Work order: Please repeat each line below exactly, with no images in the copy.

Records to process:
───

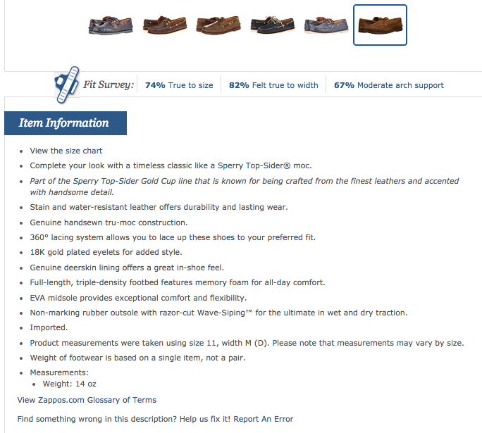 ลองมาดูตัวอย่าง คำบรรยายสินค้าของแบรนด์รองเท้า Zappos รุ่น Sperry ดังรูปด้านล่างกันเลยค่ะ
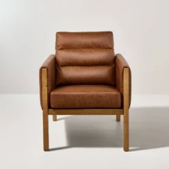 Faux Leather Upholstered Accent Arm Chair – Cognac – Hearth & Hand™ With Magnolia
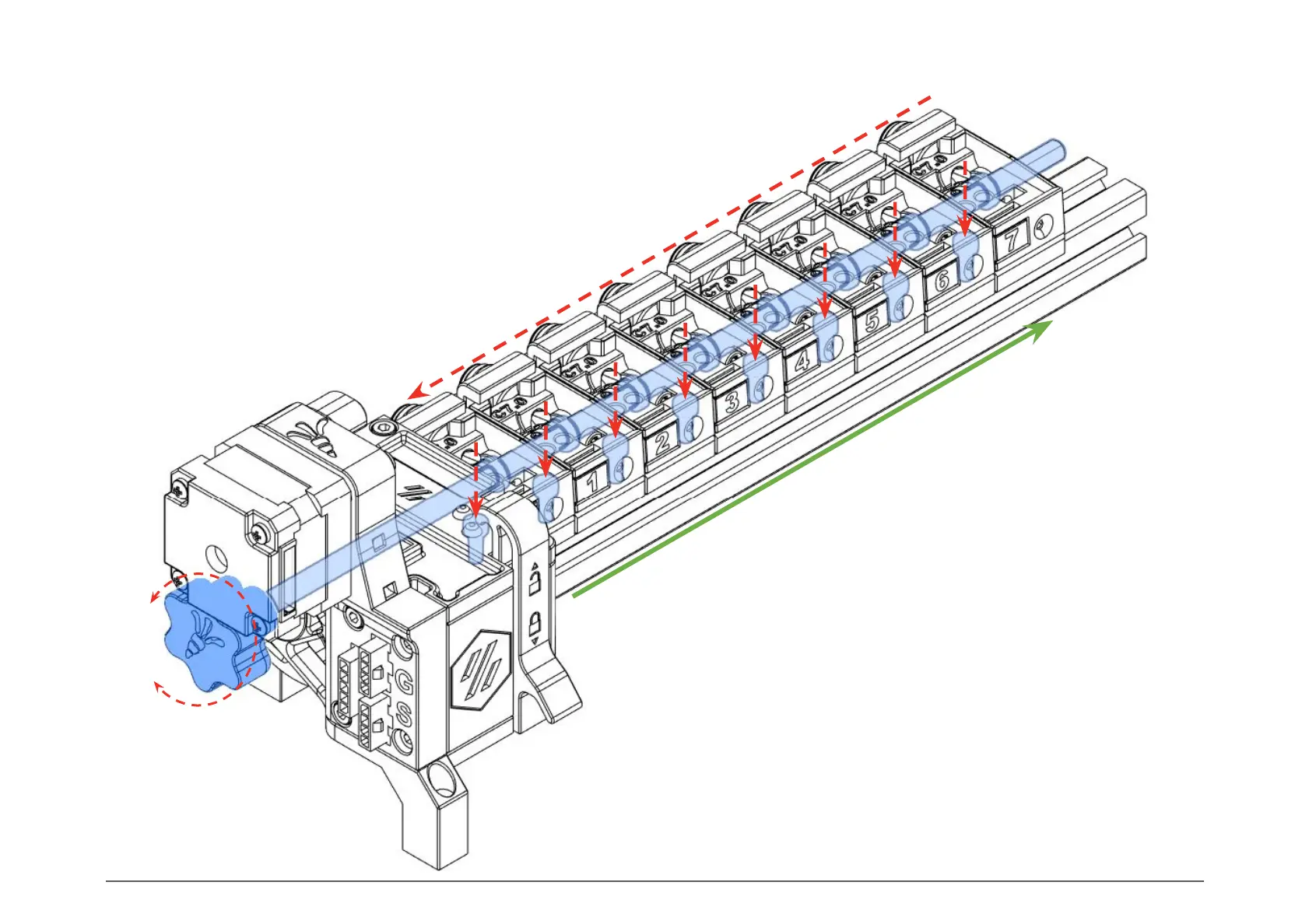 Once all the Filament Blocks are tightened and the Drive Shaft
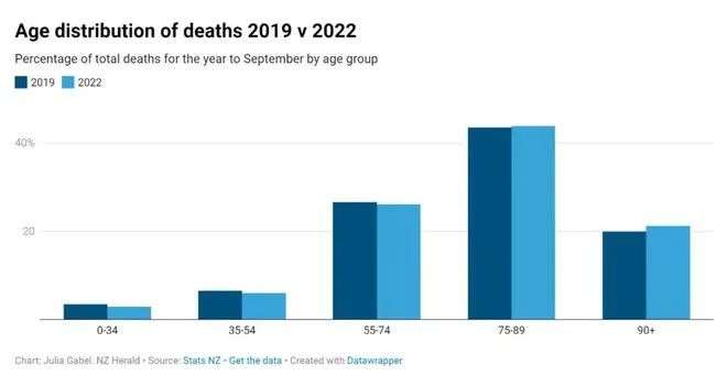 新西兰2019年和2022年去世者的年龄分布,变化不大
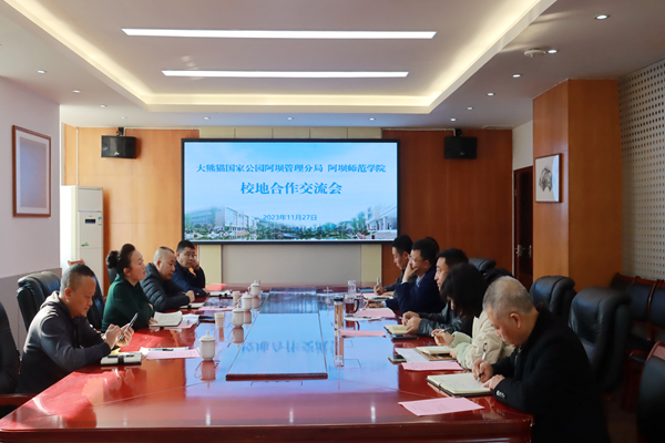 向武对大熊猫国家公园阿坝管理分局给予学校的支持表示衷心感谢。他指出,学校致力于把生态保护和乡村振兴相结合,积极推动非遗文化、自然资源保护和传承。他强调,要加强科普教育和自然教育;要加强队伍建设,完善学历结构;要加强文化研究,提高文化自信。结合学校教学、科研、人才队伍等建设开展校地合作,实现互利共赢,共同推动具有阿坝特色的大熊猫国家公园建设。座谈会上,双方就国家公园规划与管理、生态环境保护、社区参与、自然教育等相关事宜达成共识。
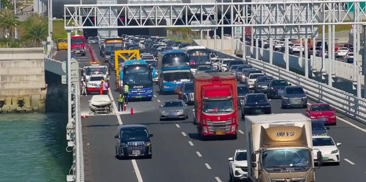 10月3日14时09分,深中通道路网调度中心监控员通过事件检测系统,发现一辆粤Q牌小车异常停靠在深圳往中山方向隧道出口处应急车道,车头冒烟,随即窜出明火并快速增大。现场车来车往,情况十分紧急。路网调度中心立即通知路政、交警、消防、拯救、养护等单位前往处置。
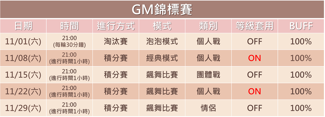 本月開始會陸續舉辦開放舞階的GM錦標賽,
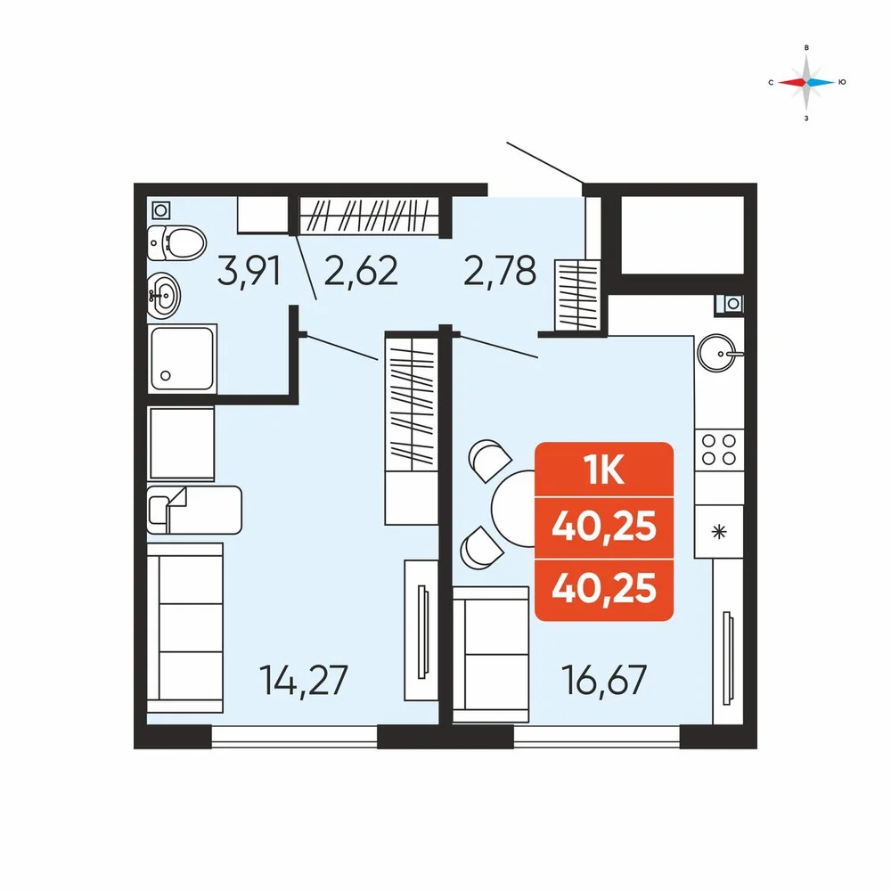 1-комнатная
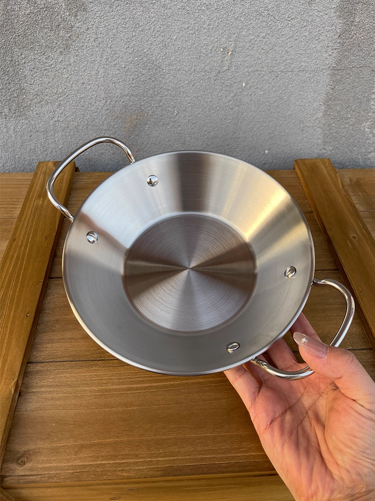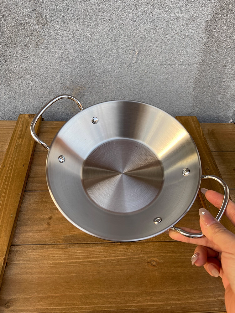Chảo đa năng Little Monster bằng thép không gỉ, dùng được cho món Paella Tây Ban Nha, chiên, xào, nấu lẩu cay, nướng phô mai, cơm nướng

───

Task output:
 ลองมาดูตัวอย่าง คำบรรยายสินค้าของแบรนด์รองเท้า Zappos รุ่น Sperry ดังรูปด้านล่างกันเลยค่ะ
 Faux Leather Upholstered Accent Arm Chair – Cognac – Hearth & Hand™ With Magnolia
 Once all the Filament Blocks are tightened and the Drive Shaft
 新西兰2019年和2022年去世者的年龄分布,变化不大
 向武对大熊猫国家公园阿坝管理分局给予学校的支持表示衷心感谢。他指出,学校致力于把生态保护和乡村振兴相结合,积极推动非遗文化、自然资源保护和传承。他强调,要加强科普教育和自然教育;要加强队伍建设,完善学历结构;要加强文化研究,提高文化自信。结合学校教学、科研、人才队伍等建设开展校地合作,实现互利共赢,共同推动具有阿坝特色的大熊猫国家公园建设。座谈会上,双方就国家公园规划与管理、生态环境保护、社区参与、自然教育等相关事宜达成共识。
 10月3日14时09分,深中通道路网调度中心监控员通过事件检测系统,发现一辆粤Q牌小车异常停靠在深圳往中山方向隧道出口处应急车道,车头冒烟,随即窜出明火并快速增大。现场车来车往,情况十分紧急。路网调度中心立即通知路政、交警、消防、拯救、养护等单位前往处置。
 本月開始會陸續舉辦開放舞階的GM錦標賽,
 1-комнатная
Chảo đa năng Little Monster bằng thép không gỉ, dùng được cho món Paella Tây Ban Nha, chiên, xào, nấu lẩu cay, nướng phô mai, cơm nướng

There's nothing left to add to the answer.